_Task instructions_
Could you reproduce all the entries under this sentence exactly, leaving the images aside?

_Stored items_
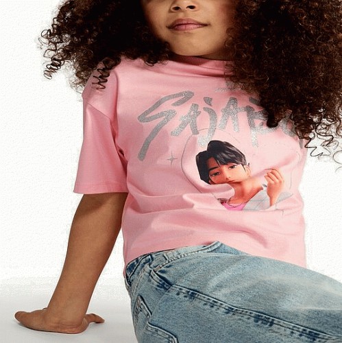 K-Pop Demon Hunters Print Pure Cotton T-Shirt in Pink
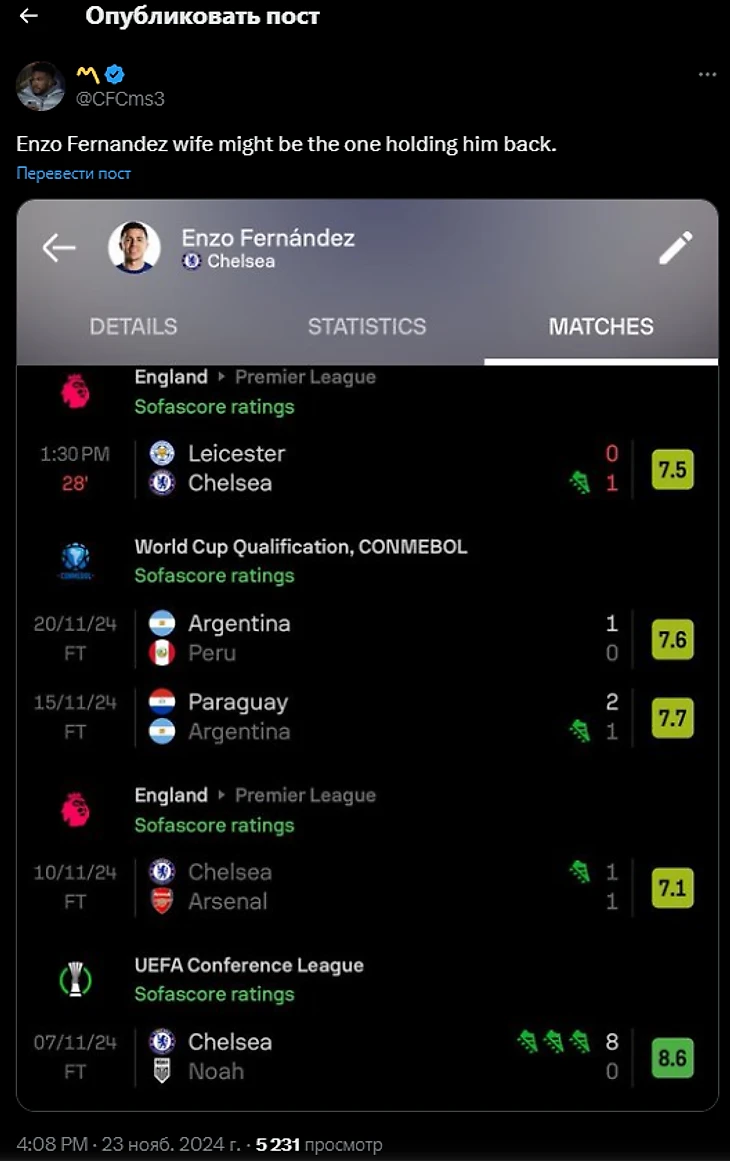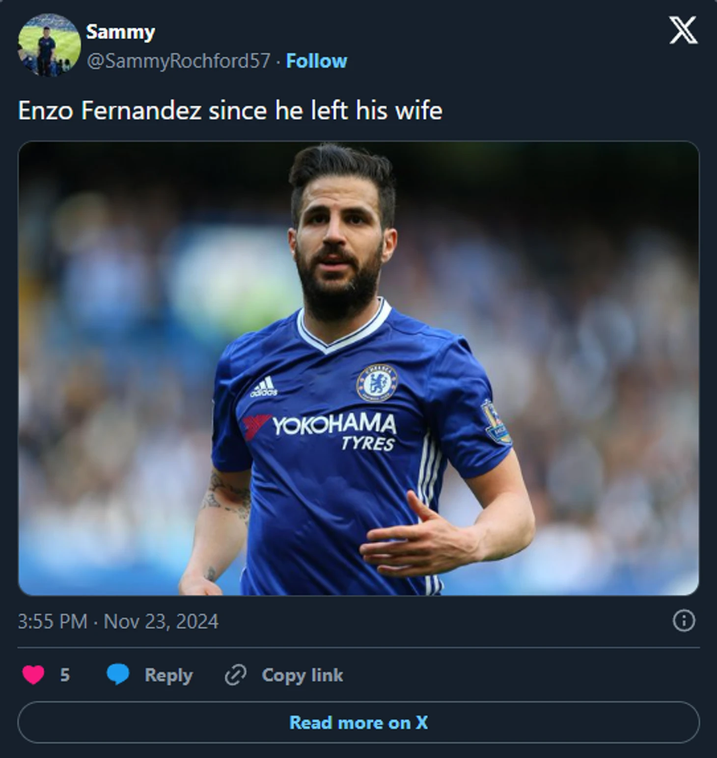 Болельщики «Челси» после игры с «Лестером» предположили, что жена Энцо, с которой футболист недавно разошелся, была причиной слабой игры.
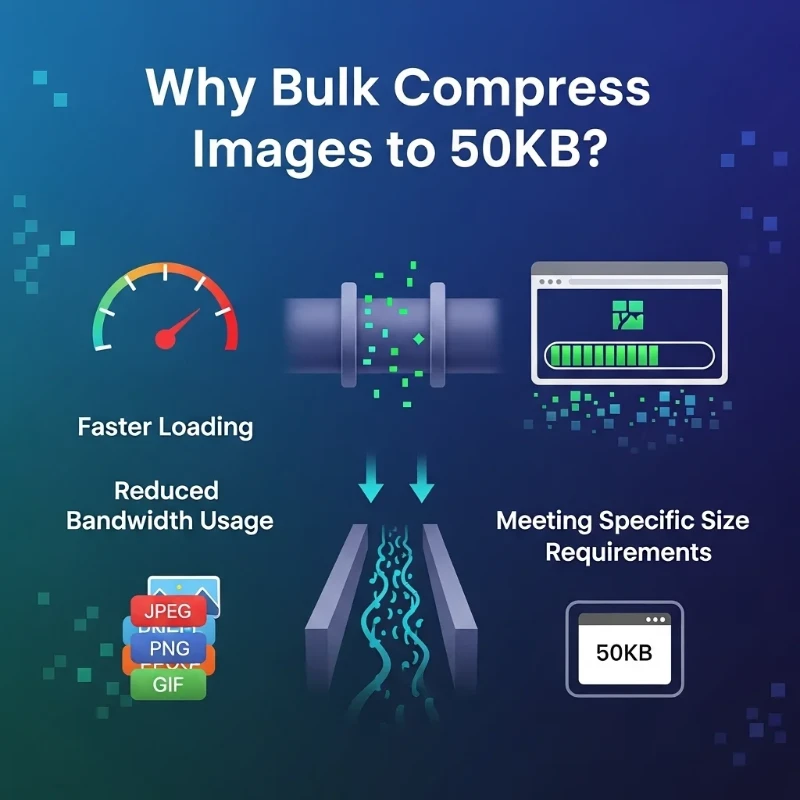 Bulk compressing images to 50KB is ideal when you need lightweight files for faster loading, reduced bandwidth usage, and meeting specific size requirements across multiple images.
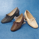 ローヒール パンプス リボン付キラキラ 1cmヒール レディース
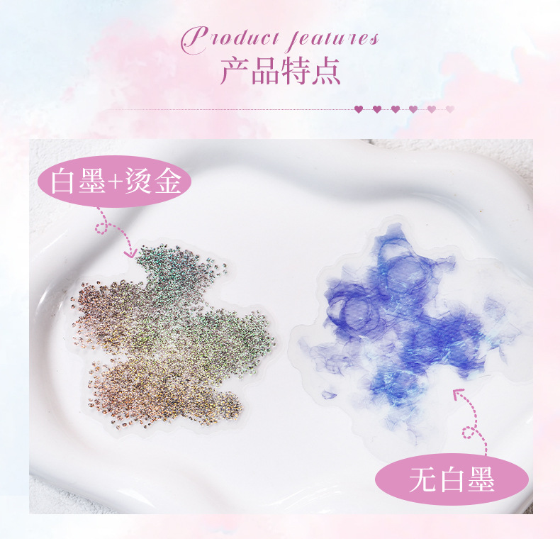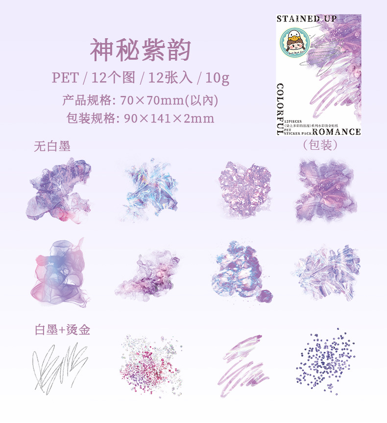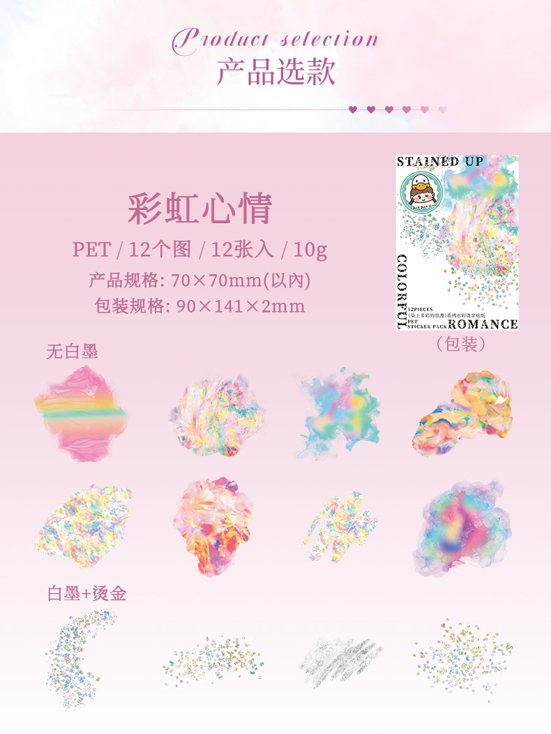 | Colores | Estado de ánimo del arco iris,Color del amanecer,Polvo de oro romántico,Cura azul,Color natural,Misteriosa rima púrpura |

_Reply to the task_
 K-Pop Demon Hunters Print Pure Cotton T-Shirt in Pink
 Болельщики «Челси» после игры с «Лестером» предположили, что жена Энцо, с которой футболист недавно разошелся, была причиной слабой игры.
 Bulk compressing images to 50KB is ideal when you need lightweight files for faster loading, reduced bandwidth usage, and meeting specific size requirements across multiple images.
 ローヒール パンプス リボン付キラキラ 1cmヒール レディース
 | Colores | Estado de ánimo del arco iris,Color del amanecer,Polvo de oro romántico,Cura azul,Color natural,Misteriosa rima púrpura |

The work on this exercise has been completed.